WASHINGTON, D.C. — The Department of Commerce has announced the final antidumping and countervailing duty rates in its investigation of common alloy aluminum sheet. These duties are the result of Commerce’s self-initiated investigation in late 2017 that found that Chinese companies and the government were artificially reducing the cost of aluminum sheet.
The department set final anti-dumping duties ranging at about 50 to 60 percent on the imports to offset unfairly low prices. Importers will also have to pay countervailing duties of 46 to 116 percent to offset government subsidies found by Department of Commerce officials.

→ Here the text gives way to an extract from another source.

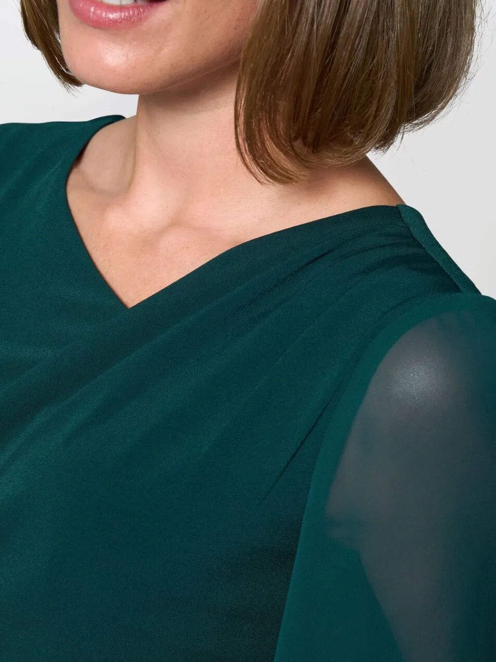 The Donatella maxi dress is a timeless eveningwear choice. In a deep green this maxi dress features a flattering draped silhouette with a soft chiffon cape overlay that adds elegance to every movement. The gathering at the waist enhances the figure, offering a refined and polished look perfect for formal events, weddings or galas……….. Regular side neck to hem 55″ / 140cm. Machine washable. 96% Polyester, 4% Elastane.

The exact rates vary by company. One company, Henan Mingtai Industrial, faces combined duties of 96 percent, but duties on most other companies appear to exceed 100 percent. See the chart below for the exact duty rate.

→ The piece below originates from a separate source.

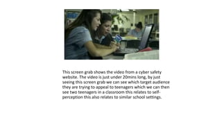 This document discusses and analyzes a cyber safety website aimed at teenagers. It summarizes key aspects of the website, including that it uses a 20-minute video featuring two teenagers in a classroom to relate to its target audience. It also notes that the website provides categories to find more information about cyberbullying, uses easy to understand language written in first person to personally target its audience, and employs bold colors on teen pages to appeal to different age groups.

The RV Industry Association has testified against these duties citing the increased aluminum costs for American businesses, including those in the RV industry, even for those companies using domestically produced aluminum. By December 20, the U.S. International Trade Commission (ITC) is scheduled to make a final decision on whether there has been harm to the domestic aluminum industry. If they find no harm, they will vacate the case, which would eliminate the newly imposed duties. If the ITC determines American companies have been harmed by Chinese companies and the government artificially reducing the cost of aluminum sheet, the new duties will be made permanent.